» **EXERCISE BRIEF**
Your answer should be the records again, unchanged in wording and free of images.
(Beginning of RECORDS TO PROCESS)
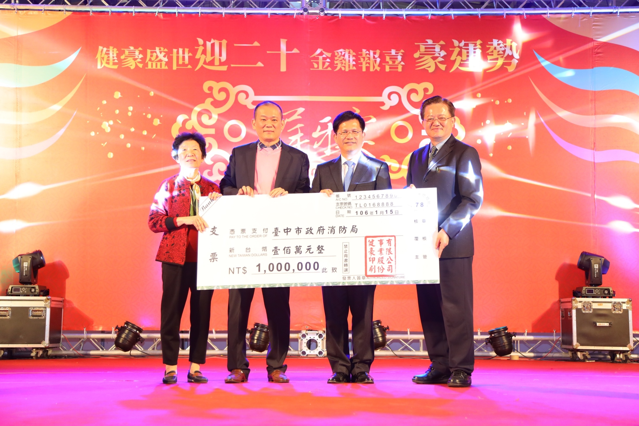 林市長今日出席該公司尾牙代表授贈,並回贈感謝狀;他說,健豪印刷不僅事業有成,也不忘企業社會責任,秉持「取之於社會、用之於社會」的理念,長年支持中市消防救災工作。
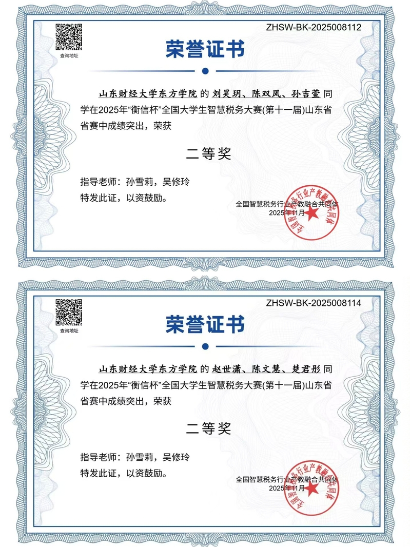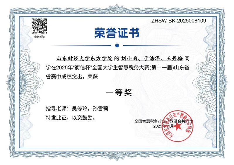 2025年“衡信杯”大学生智慧税务大赛设置校内赛、省赛、总决赛三个阶段赛。9月28日,财税金融学院组织开展校内赛,选拔出3支代表队参加省赛。11月4日,省赛如期举行,经过激烈角逐,由刘小雨、于浩洋、王丹梅组成的代表队以山东省省赛第一的成绩斩获省赛一等奖;由刘昊月、陈双凤、孙吉萱组成的代表队与赵世潇、陈文慧、楚君彤组成的代表队均获得省赛二等奖。11月29日,总决赛在江西财经大学拉开帷幕,共有来自西南财经大学、江西财经大学、海南大学、山西财经大学等知名院校在内的98支队伍入围决赛。我校代表队在高手云集的比赛中披荆斩棘,最终荣获全国三等奖。
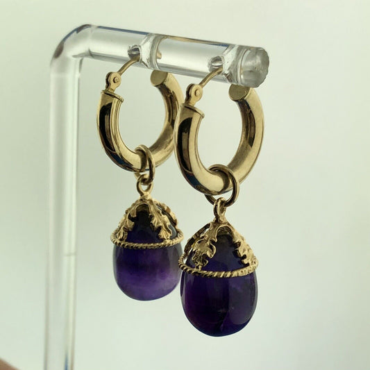 Gorgeous 14k Yellow Gold Amethyst Pear Floral Dangle Hoop Statement Earrings
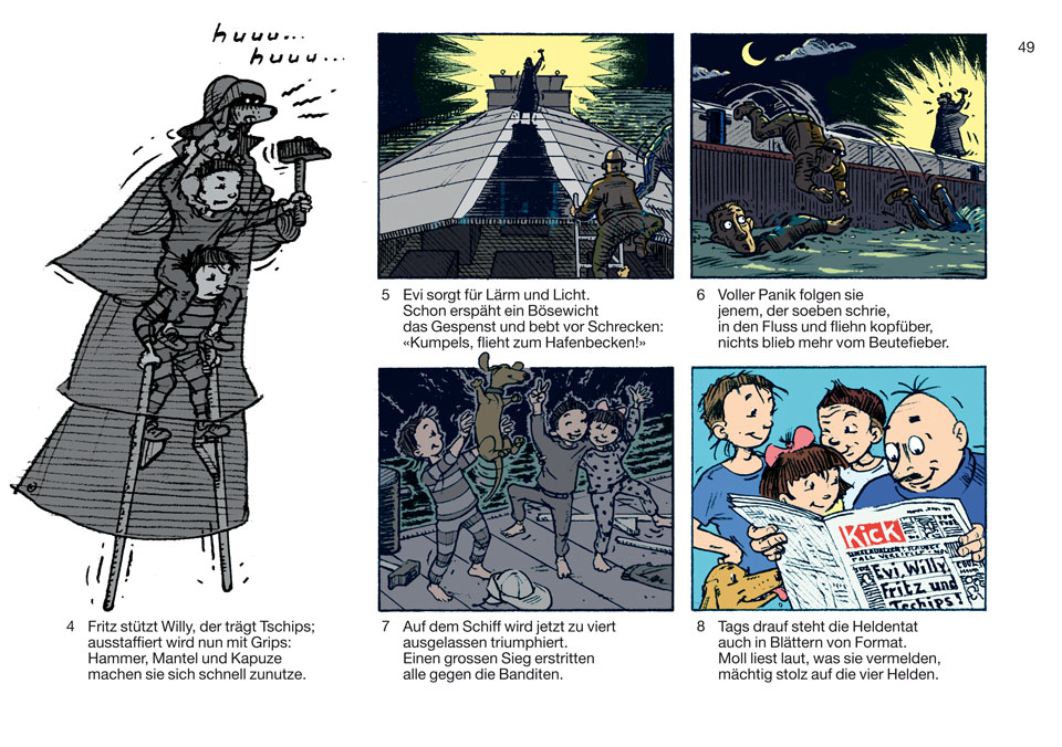 Das vorgegebene Thema für den geplanten Band liess mein Herz höher schlagen, denn mit Flüssen, Seen, Meeren und was sich darauf und darin bewegt, hatte ich ja reiche Erfahrung. Also schrieb und zeichnete ich 30 Geschichten zu den Themen Rheinschifffahrt und Familien-Dynamik – in der Absicht, damit nicht nur Kinder, sondern auch Erwachsene zu erfreuen. Ein Teil der hier gezeigten Episoden stammen aus der 2013 erschienenen chinesischen Ausgabe. Video
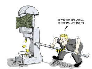 中央财经大学文化创意研究院执行院长魏鹏举认为,国际投资参与到国内的文化产业,开始转向小角度切入,小规模尝试,“主投”改成“陪玩”。陪同国内资金一起投资,面对着无疑迅速扩张中的中国文化市场,利用中方伙伴的资源优势,外方就一定有牢靠收益。
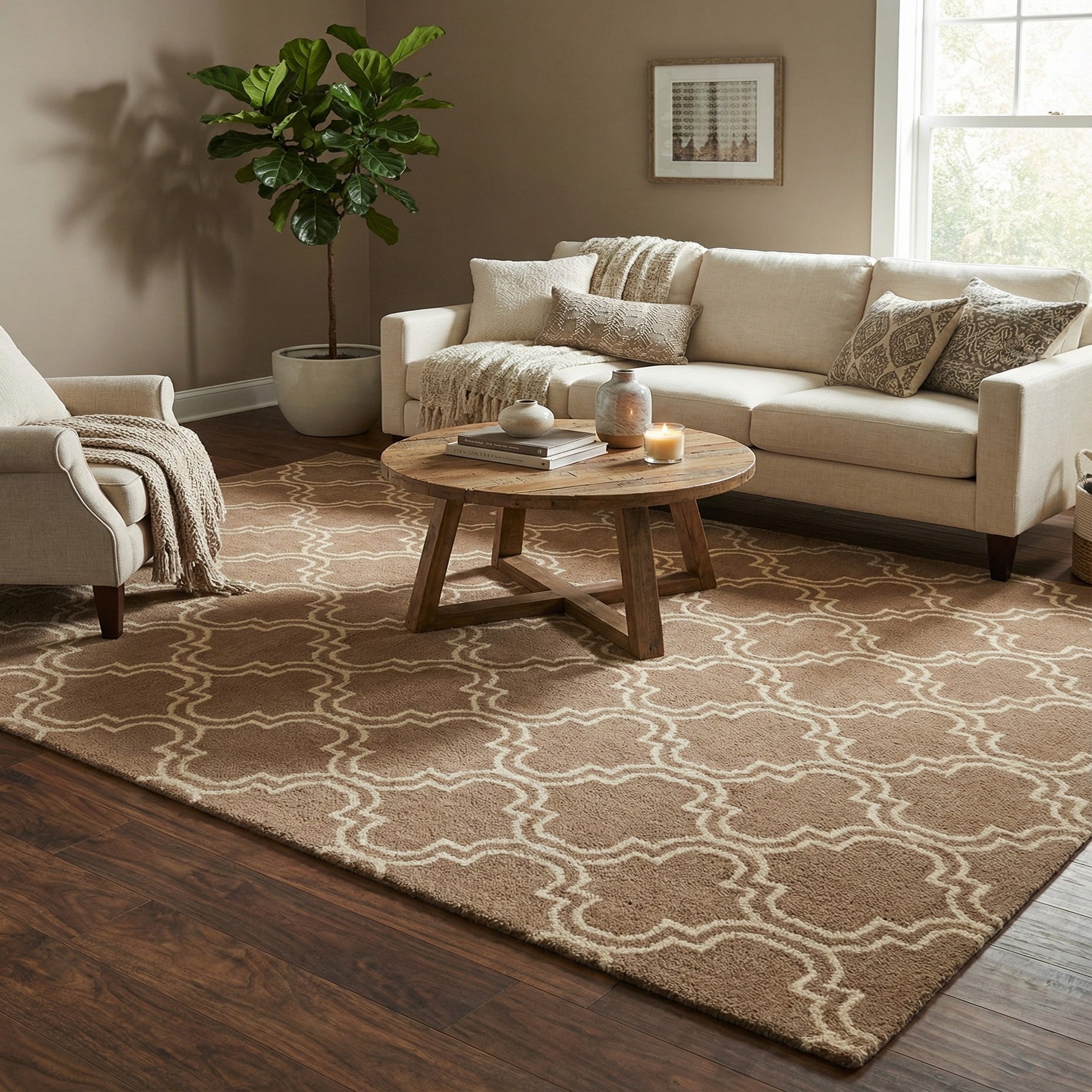 Primary color is Taupe. Colors in this rug include: Taupe, Ivory.
(End of RECORDS TO PROCESS)
» **EXERCISE RESPONSE**
 林市長今日出席該公司尾牙代表授贈,並回贈感謝狀;他說,健豪印刷不僅事業有成,也不忘企業社會責任,秉持「取之於社會、用之於社會」的理念,長年支持中市消防救災工作。
 2025年“衡信杯”大学生智慧税务大赛设置校内赛、省赛、总决赛三个阶段赛。9月28日,财税金融学院组织开展校内赛,选拔出3支代表队参加省赛。11月4日,省赛如期举行,经过激烈角逐,由刘小雨、于浩洋、王丹梅组成的代表队以山东省省赛第一的成绩斩获省赛一等奖;由刘昊月、陈双凤、孙吉萱组成的代表队与赵世潇、陈文慧、楚君彤组成的代表队均获得省赛二等奖。11月29日,总决赛在江西财经大学拉开帷幕,共有来自西南财经大学、江西财经大学、海南大学、山西财经大学等知名院校在内的98支队伍入围决赛。我校代表队在高手云集的比赛中披荆斩棘,最终荣获全国三等奖。
 Gorgeous 14k Yellow Gold Amethyst Pear Floral Dangle Hoop Statement Earrings
 Das vorgegebene Thema für den geplanten Band liess mein Herz höher schlagen, denn mit Flüssen, Seen, Meeren und was sich darauf und darin bewegt, hatte ich ja reiche Erfahrung. Also schrieb und zeichnete ich 30 Geschichten zu den Themen Rheinschifffahrt und Familien-Dynamik – in der Absicht, damit nicht nur Kinder, sondern auch Erwachsene zu erfreuen. Ein Teil der hier gezeigten Episoden stammen aus der 2013 erschienenen chinesischen Ausgabe. Video
 中央财经大学文化创意研究院执行院长魏鹏举认为,国际投资参与到国内的文化产业,开始转向小角度切入,小规模尝试,“主投”改成“陪玩”。陪同国内资金一起投资,面对着无疑迅速扩张中的中国文化市场,利用中方伙伴的资源优势,外方就一定有牢靠收益。
 Primary color is Taupe. Colors in this rug include: Taupe, Ivory.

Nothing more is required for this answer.